▶ [What you have to do] Search the entries below for "Bring a piece". Give that line and all the lines after it again, exactly, through the last, without pictures.
*** Opening of Data provided ***
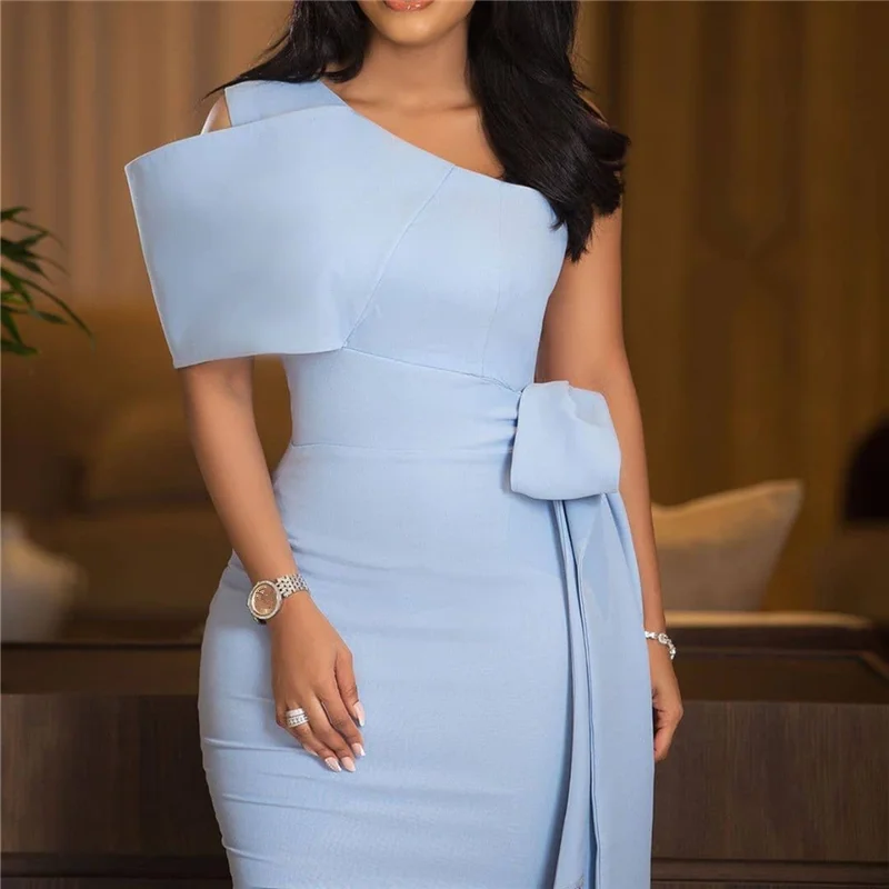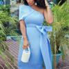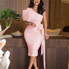Fleepmart Women Pink Dress One Shoulder with Bowtie Waist Belt Party Chrismas Elegant Slim Birthday African Event Celebrate Occasion New
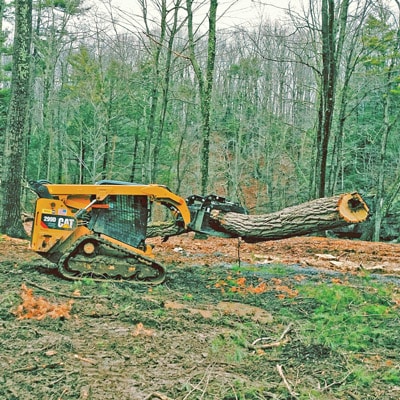 Byrne has one 299D XHP loader running on steel tracks for certain operations, but the others ride on rubber. The Bobcat loader is fitted with Solideal rubber tracks that Byrne believes give better traction, though they might not wear as well. Byrne says he normally gets 900 to 1,000 hours between track replacements as his machines work the slopes and rocks of upper New York.
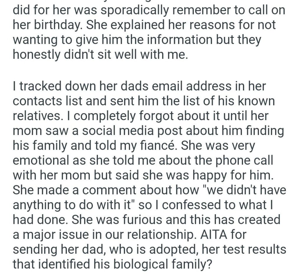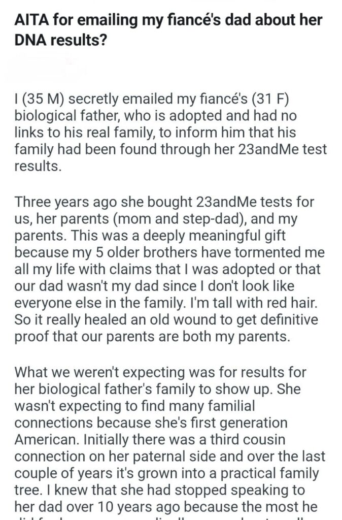 This is where a good partner supports their significant other’s boundaries. But our narrator didn’t do that. He decided that her reasons for protecting her peace “didn’t sit well” with him. Because he had a happy ending with his DNA test, he felt entitled to force one on her. He went into her contacts list, stole her estranged father’s email address, and sent him the list of relatives she had found. He gave away her private genetic research to a man she actively chose to cut out of her life.
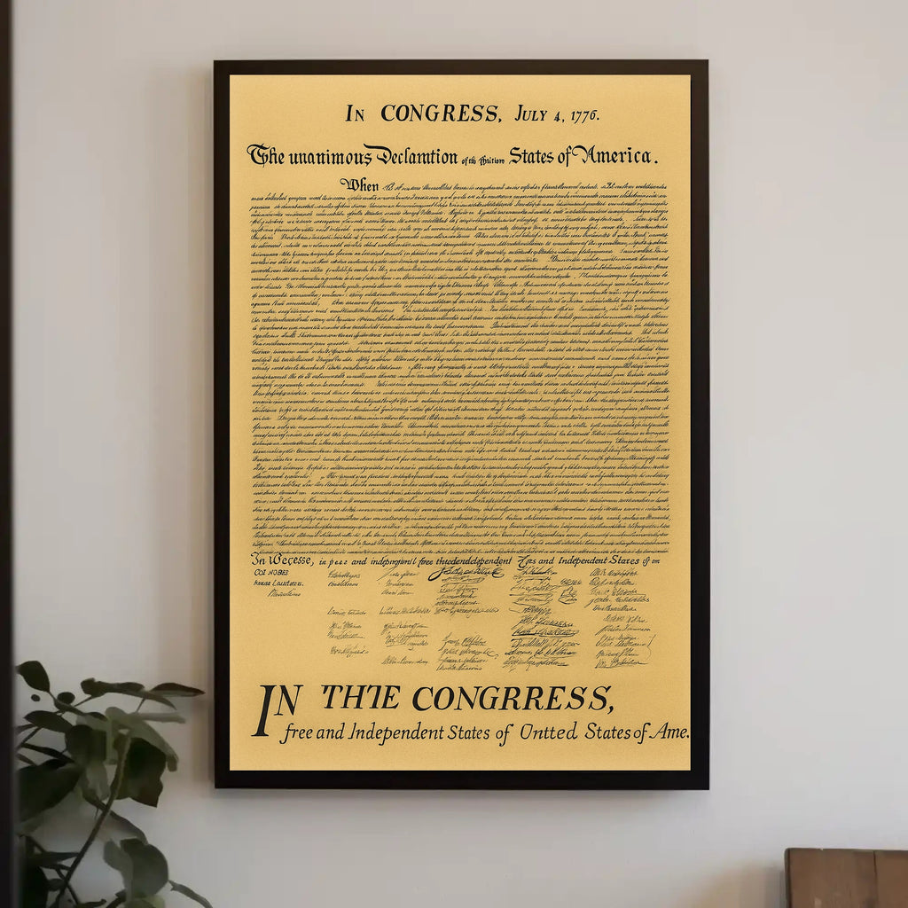 Bring a piece of American history into your home with the Declaration of Independence Poster from PosterGoat. This museum‑style art print recreates the iconic parchment, fine script and signatures in a minimalist, vintage aesthetic that complements modern and traditional decor alike.
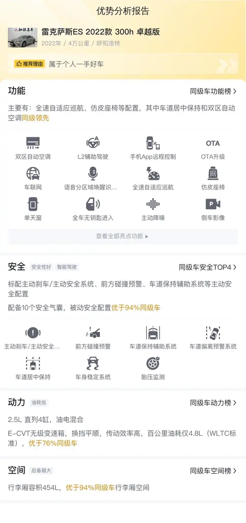 综上所述,这辆二手雷克萨斯ES 2022款 300h 卓越版以其卓越的品质、合理的市场价格和较低的用车成本,成为寻求高端驾乘体验用户的理想选择。需要注意的是,车辆的实际状况还需结合现场查看和试驾体验来评估,确保符合个人需求和期望。
*** Close of Data provided ***
▶ [Your solution]
 Bring a piece of American history into your home with the Declaration of Independence Poster from PosterGoat. This museum‑style art print recreates the iconic parchment, fine script and signatures in a minimalist, vintage aesthetic that complements modern and traditional decor alike.
 综上所述,这辆二手雷克萨斯ES 2022款 300h 卓越版以其卓越的品质、合理的市场价格和较低的用车成本,成为寻求高端驾乘体验用户的理想选择。需要注意的是,车辆的实际状况还需结合现场查看和试驾体验来评估,确保符合个人需求和期望。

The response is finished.